# Project One Query for Madone 7 series



## ejprez (Nov 9, 2006)

So I'm looking at the price of a 7 series frame and noticed that it costs $4400 for the new updated frame with the 25 gram less weight and chainstay redesign. Ok that's not the shocker, price, I would love the a made in the US carbon frame.

What is odd is when I spec it with a full 6800 build, except for the bontrager brakes, ultegra are offered for a bit less but want to stick with the bonty ones, chose the lowest price wheels, bar and saddle.
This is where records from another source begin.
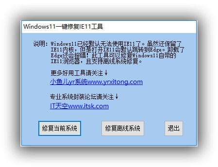 微软已经推出Windows11的预览版,但Windows11已经默认无法使用IE11了。虽然还保留了IE11内核,但是打开IE11会默认跳转到Edge浏览器。卸载或精简了Edge浏览器还会报错!此工具可以修复Windows11自带的IE11浏览器,且支持离线系统修复和PE里对目标系统修复。并且在桌面修复的情况下可以创建IE11桌面图标。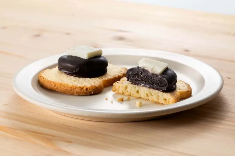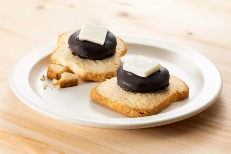 除了小倉豆泥用料飽滿之外,還特別在上方放了一片方形的奶油巧克力,讓餅乾整體的外觀看起來更像名古屋人最愛吃的道地紅豆吐司造型;就連分裝的塑膠袋與外層包裝紙盒,都印上了可愛又復古的手繪風奶油小倉吐司,也難怪會在短時間內引起甜點控瘋搶,甚至有望刷新名古屋伴手禮清單。
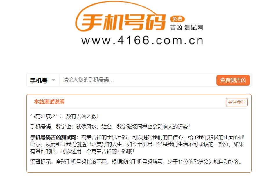 | 網(wǎng)站簡介: 號令天下(www.4166.com.cn)手機(jī)號碼吉兇測試網(wǎng),為您提供:免費(fèi)手機(jī)電話號碼八星排盤、易經(jīng)五行 及 運(yùn)勢分析,手機(jī)號碼測吉兇查詢就上號令天下手機(jī)號碼吉兇測試網(wǎng),超準(zhǔn)! |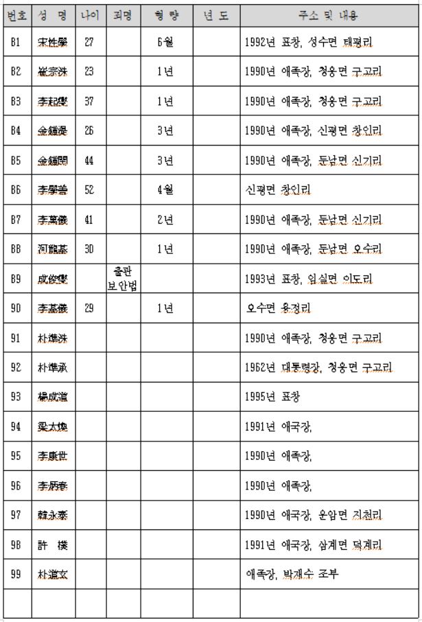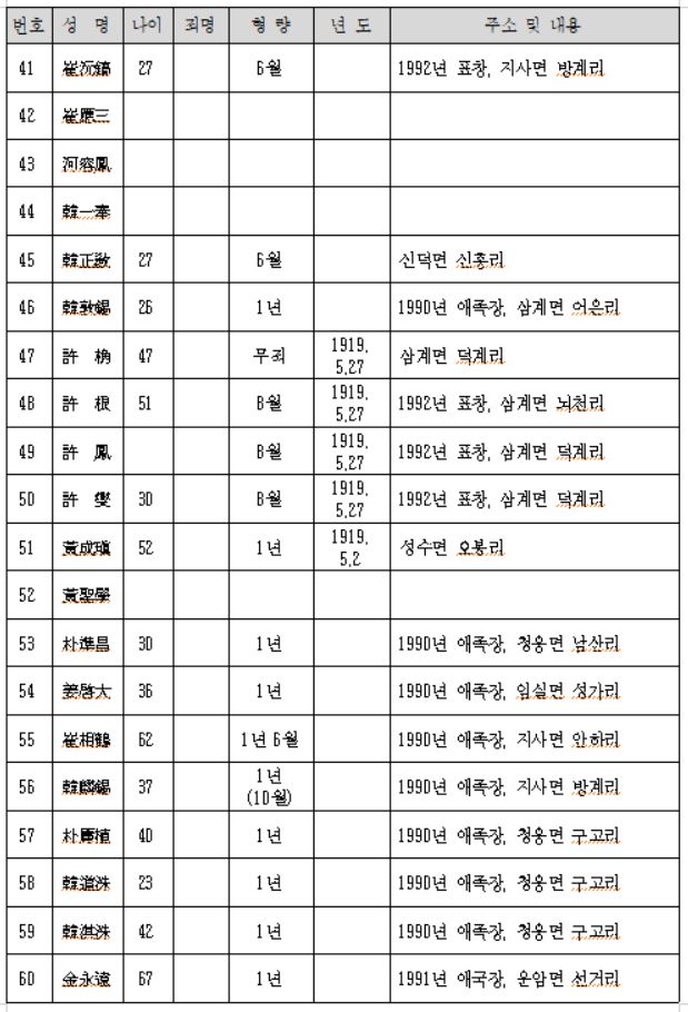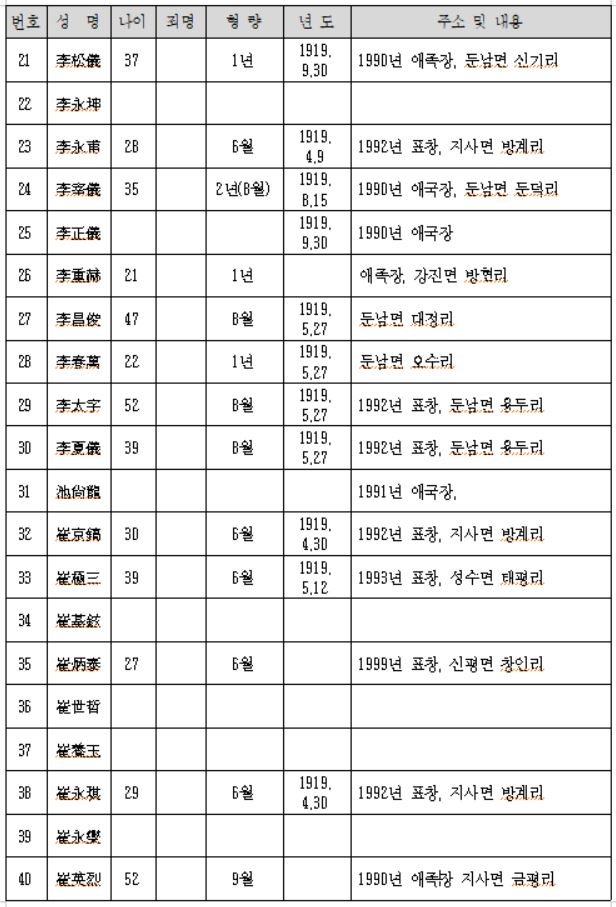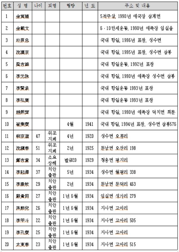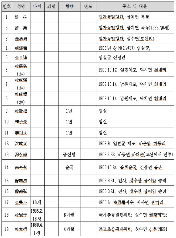 註 1. 본 자료는 한국독립동지회 전북지부에서 제공한 자료임. 2. 빈 란은 조사가 되지 않은 사항이나 본문에는 자세하게 기록된 경우도 있음. 3. 본 자료와 본문 내용과는 차이가 있을 수도 있으며 본문 내용에 없는 분도 있음.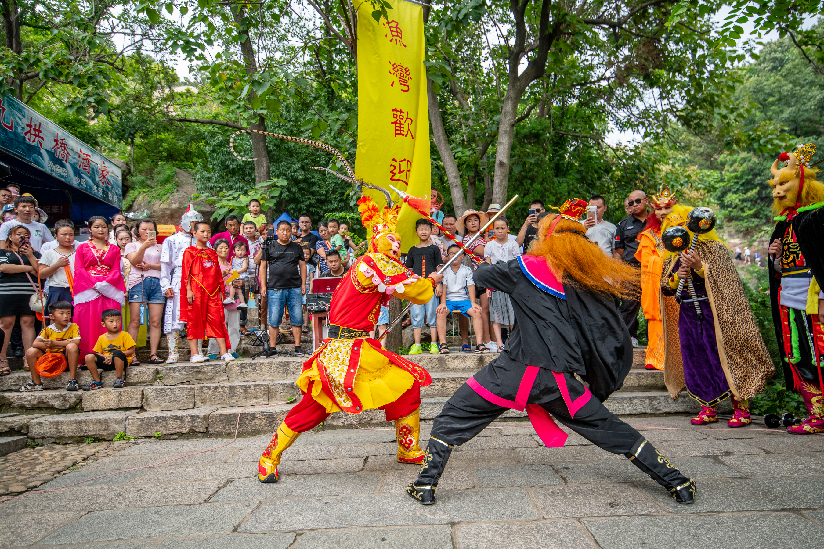 在漁灣廣場、九孔橋、龍祈洞、老龍?zhí)兜鹊?,孫悟空、四海龍王、哪吒等西游人物活靈活現(xiàn),為廣大游客送去“大鬧東海龍宮”、“小白龍大戰(zhàn)二郎神”、“哪吒大戰(zhàn)三太子”等西游經(jīng)典片段,精彩打斗真材實(shí)料,令人目不暇接;節(jié)目編排新奇有趣,贏得了游客們的陣陣喝彩。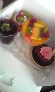 母の日に、お坊さんがたーちゃんと私に買ってきてくれたケーキたち。お花可愛ー。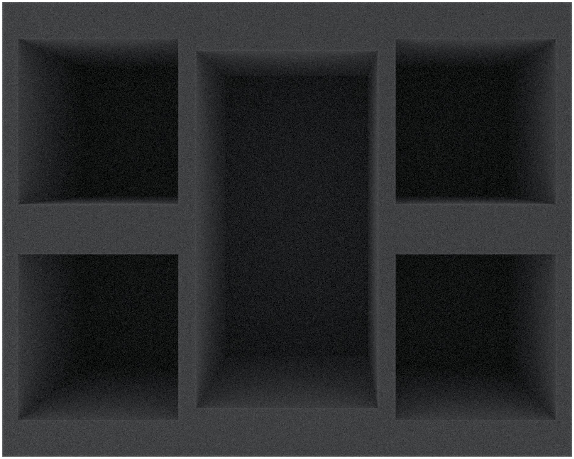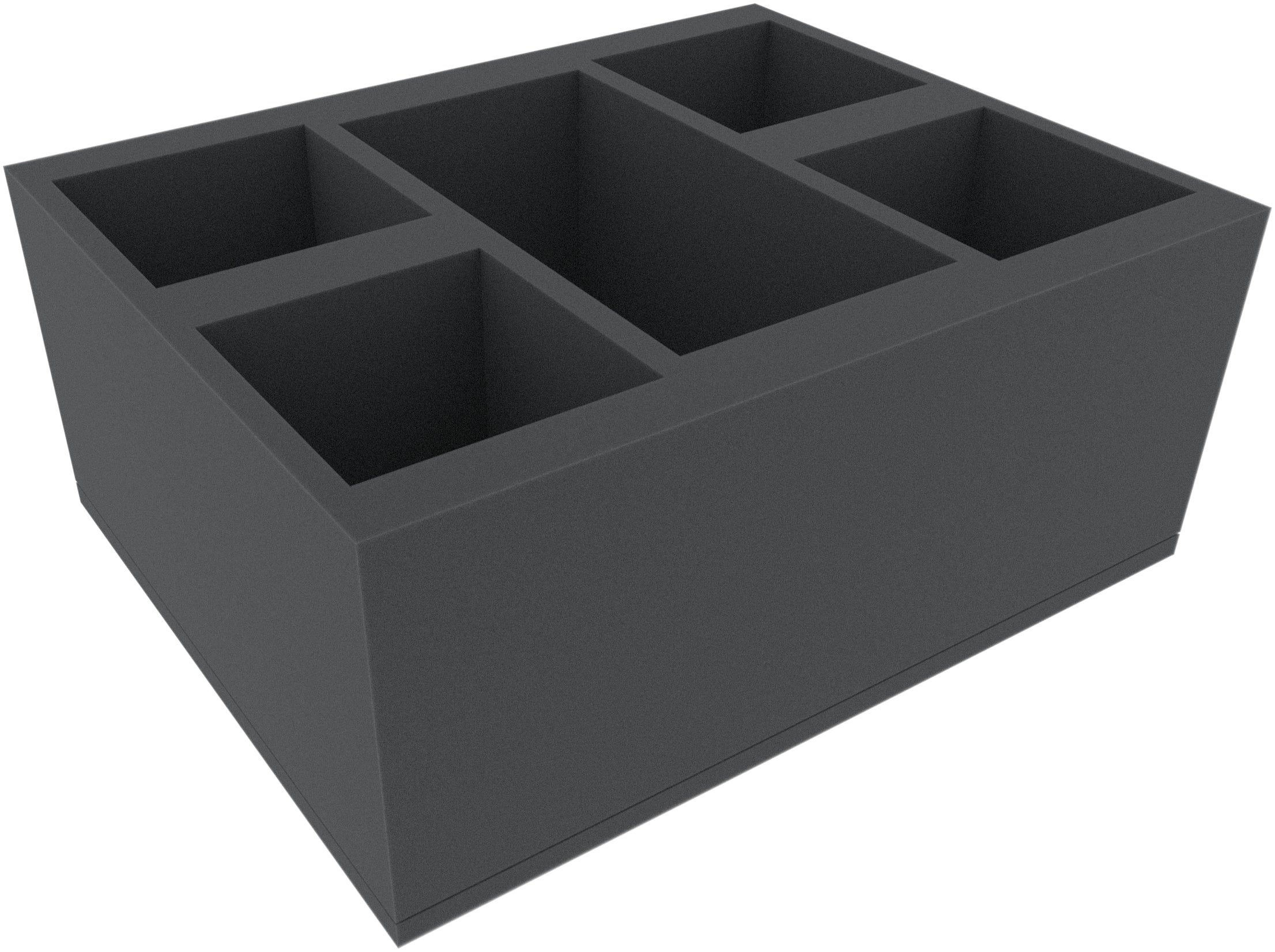 This 145 mm high foam tray is divided into five compartments. The large compartment is ideal for storing a Necromunda Cargo-8 Ridgehauler miniature. Thanks to the precisely fitting cut, the model has a firm fit and does not lose its grip even on bumpy ground. The soft, fine-pored foam protects details like the wheels and armament from premature material fatigue. The colors of painted models are reliably protected against chipping, paint, and abrasion.

The price ends up being around 4850!!

What is up with that? wouldn't it be a no brainer to get the full bike? I saw this cause I have a super record group and would need the bonty brakes, have to lose the SR brakes unfortunately. I have wheels already so don't need high end ones and my broken in saddle. Why is the pricing like this? Just odd cause it's an $800 difference if I do the 6 series with the same spec build.


----------



## cxwrench (Nov 9, 2004)

Because Trek, like every other major manufacturer would much rather sell complete bikes. Why that is...i have no idea, but i'm sure there's a good reason.


----------



## ejprez (Nov 9, 2006)

Apparently and I can live with that mystery, especially since my girlfriends drivetrain stinks. Guess for less than the cost of a full Ultegra 11 group she'll get a new one minus brakes and bb. But will get wheels bar and saddle.

Never thought I get a trek but do like the US made frame made of US balistic defense grade carbon.


----------